"Nggak jadi persoalan administrasi kelembagaannya. Tetap SD, SMP atau SMA. Tapi kita di Purwakarta, orang Sunda harus menyebut sekolah dengan Padepokan atau Paguron," ujar Dedi saat membuka pawai Egrang yang diikuti ribuan pelajar di Purwakarta, seperti dikutip dari
RMOLJabar Minggu malam.
Kata orang nomor satu di Purwakarta ini, makna yang tersirat dalam penyebutan ini bisa mempengaruhi pikiran orang tentang sekolah yang memang selama ini terkesan formal.

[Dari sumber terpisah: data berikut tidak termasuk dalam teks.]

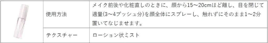 | シルキーフィニッシュミスト(花澄香) | ミニ(約1か月分) | メイク仕上げ用、うるおい成分配合 |
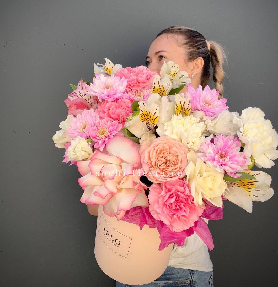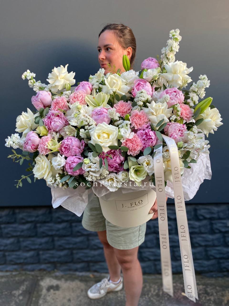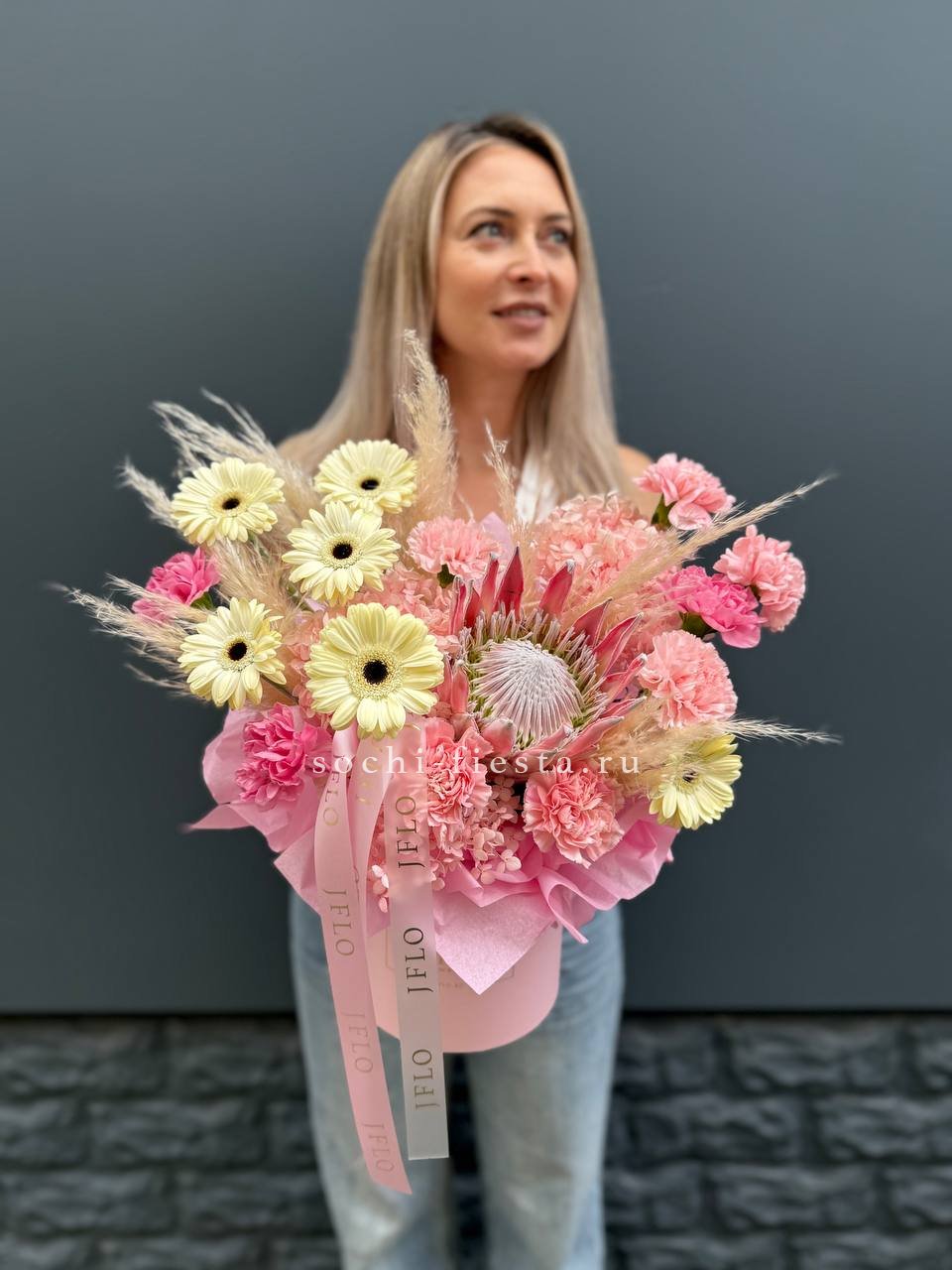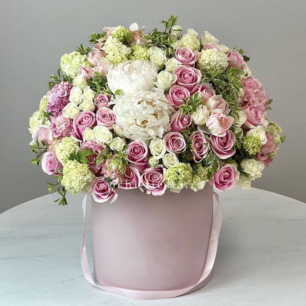 Композиция в коробке объединяет пышную гортензию, воздушную эустому и кустовые розы, Джумилию с яркими гербами и хлопком. Плотное заполнение создает округлую форму, где каждый цветок находит свое место без пустот.

"Padepokan atau Paguron lebih menggambarkan sekolah sebagai sebuah tempat untuk menimba ilmu dengan berbagai tempaan hidup, kedisiplinan dan penyucian diri di dalamnya," tuturnya.
Orang Sunda, tambah Dedi, sejak dulu sudah mengenal paguron (perguruan) atau padepokan sebagai tempat penyucian diri, tempat sakral bagi mereka yang berniat mencari ilmu, baik bela diri atau ilmu agama.
Namun demikian, menurutnya bukan sekedar mengganti sekolah saja. Di dalamnya Dedi mengaku banyak mengadopsi pembelajaran padepokan dan paguron seperti salah satunya masuk kelas lebih pagi. "Agar anak terbiasa bangun pagi yang mengubah pola tidur, makan dan belajarnya," ujar dia.
Warga Purwakarta harus berani melawan kebiasan tersebut. "Karena ke depan kita akan menghadapi perasaingan secara global. Kita akan melawan bangsa Amerika, Eropa, Malaysia, Thailand, Vietnam, dan negara lainnya," ungkapnya. Kalau tidak dibiasakan, tambah Dedi, masyarakat Purwakarta hanya akan jadi penonton.
"Maka dari itu egrang harus dijadikan filosofis kalau bangsa kita mampu berdiri sendiri secara mandiri dalam arti lain bahwa bangsa kita harus mampu berdiri dengan bangsa sendiri tanpa harus takut melawan bangsa lainnya," tandasnya.